Согласимся, странно было бы революционерам, по полжизни проведшим в ссылках и тюрьмах, приходить к власти, чтобы сохранить в той или иной форме ту реальность, тот "замечательный" порядок, против которого они всю жизнь боролись. Так что Россия, благодаря большевикам и лично товарищу Сталину, спаслась лишь "постольку, поскольку" — поскольку российское общество того времени оказалось достаточно пластичным, чтобы трансформироваться в новое качество — Советскую Россию под кодовым названием СССР.
Вот и сегодня говорить о спасении исторической России можно только через призму будущей трансформации — достаточно ли адаптивным окажется наше общество, чтобы перейти в новое качество, предложить миру новую модель развития, чтобы жить, или останется в старом — чтобы умереть.
И очень странно, что все наши "реформаторы": и от власти (что еще понятно), и от оппозиции (что уже выглядит диковато), — оперируют категориями и понятиями, практически полностью взятыми из прошлой исторической эпохи, и прошлого, а то и позапрошлого века — как будто те же пролетарии, что устроили серию европейских революций 1848 года, будут бороться с буржуазией, дошедшей с тех пор практически в неизмененном состоянии.

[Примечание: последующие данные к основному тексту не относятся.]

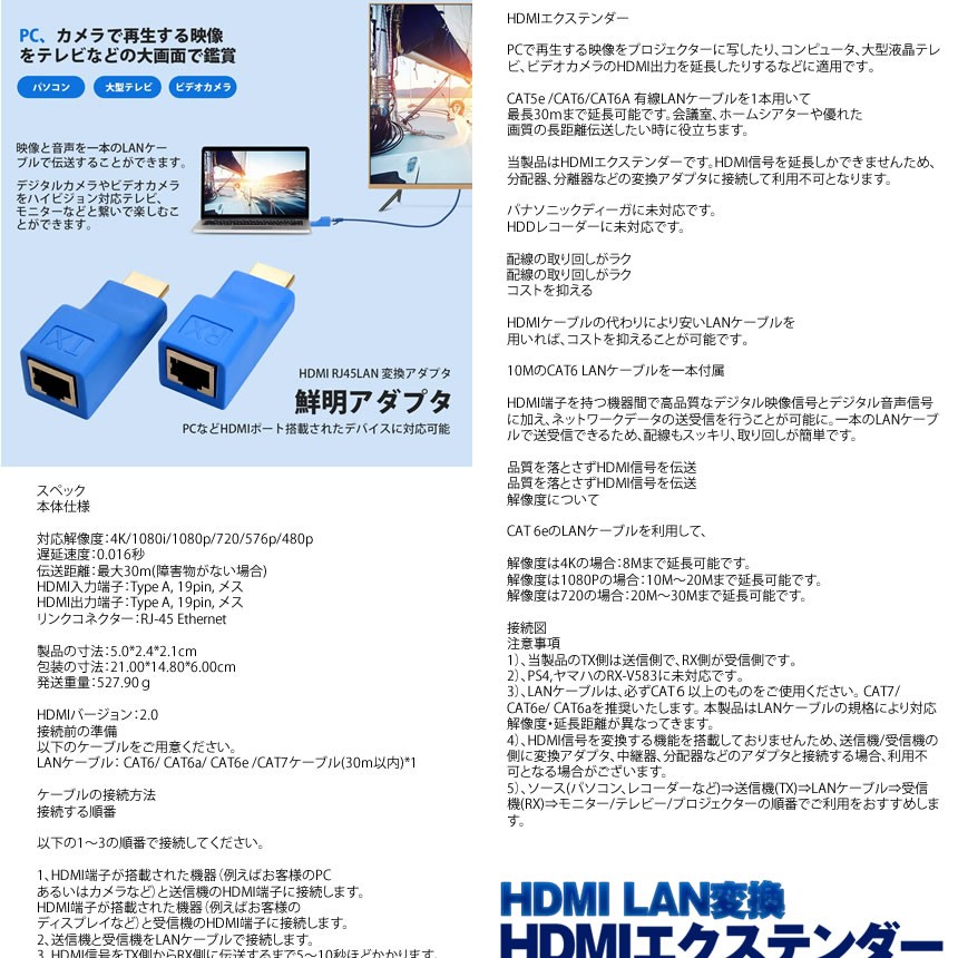 送料無料 Hdmi エクステンダー 延長器 Hdmi To Rj45 Lan 変換アダプターcat5e Cat6 Lanケーブル 30mまで 4k 1080p 対応 明日着 ブラック Buyee Buyee 日本の通販商品 オークションの代理入札 代理購入

И все дружненько пытаются налить молодое вино революции в старые мехи прежних представлений об общественном устройстве.
Прежний Сталин невозможен сегодня потому, что сам способ производства, который должен прийти на смену нынешнему, предполагает очень высокую степень свободы — куда большую, чем в индустриальном обществе. "Новая централизация" возможна и неизбежна как инструмент спасения и ухода от тотальной катастрофы, но с той целью, чтобы дать обществу и индивидууму новую степень свободы. Вообще всю историю человеческого прогресса можно представить как обретение все новых и новых степеней свободы, и каждому новому способу производства соответствовала все большая степень свободы производительных сил, которая по новому сочеталась с централизмом. Рост степеней свободы — это условие технического и социального прогресса. Поэтому новый централизм должен обеспечивать и качественно новые рамки творческой и индивидуальной свободы.
Сталинская "шарашка" оказалась эффективной для создания старого технологического качества — в "шарашках" очень удачно копировали зарубежные образцы в рамках догоняющего развития, но самостоятельного прогресса несвободный творец обеспечить не мог, как не могли крепостные крестьяне в предыдущую эпоху обеспечить должного уровня культуры производства на демидовских заводах, и пришлось иметь дело с лично свободным пролетариатом, профсоюзами и на финал — с РСДРП.
Так и Сталину пришлось создавать новые КБ и НИИ с новым человеческим материалом. И там, кстати, существовала — при "тиране" Сталине —степень свободы, в целом невозможная для современного им общества. И, кстати, не случайно инженерно-технические работники из этих структур в более позднюю эпоху приняли такое активное участие в "демократических преобразованиях", хотя тем самым они своими руками наносили смертельный удар по финансированию собственных КБ и НИИ. Но для них это была актуализация внутренней потребности в свободе, которая объективно оказалась губительной и для структур, которые породили всех этих "доцентов с кандидатами", и для них самих. Но губительно — в рамках отжившей системы, поскольку, как сказано, молодое вино разрывает старые мехи и проливается на землю.
Поэтому сама постановка вопроса о новой мобилизации и новом централизме мне представляется очень и очень небесспорной. Мы пытаемся через опыт Сталина, бывший успешным в иной исторической реальности, смоделировать будущую трансформацию. Ну всё равно, как если бы для восстановления Саяно-Шушенской ГЭС нам потребовался бы новый Хеопс.
Мы прозевали появление на исторической арене новых акторов — нового паразитического класса, сформировавшегося из смеси советской номенклатуры и постсоветской олигархии, который, как уже заметил Максим Калашников, не имеет никакого отношения к классу буржуазии — классу, уже давно потерявшему роль ведущей исторической силы и отошедшему на вторые роли — вместе с классическим промышленным пролетариатом, каким его описывали Маркс и Энгельс. Уже Ленин говорил об империализме как новой фазе развития капитализма, но мы, повторяя его слова, не хотим отдавать себе отчета в том, что Ленин не мог описать ни новых производительных сил, ни возникающих на их основе и вокруг них новых производственных отношений и новых классов, которых при жизни Ленина еще просто не было.
А кто станет "новым пролетариатом", который поведет за собой исторический прогресс? Почему до сих пор этот новый класс не проявляет себя на арене истории? Что станет новым побудительным мотивом к труду, если не прямое насилие и не насилие экономическое?
Хотим мы или не хотим, но мы должны, прежде чем говорить о личности в истории, сформировать какой-то образ будущего — и от того, насколько он будет отражать реальную общественную трансформацию, будет зависеть успех безнадежного мероприятия по спасению России.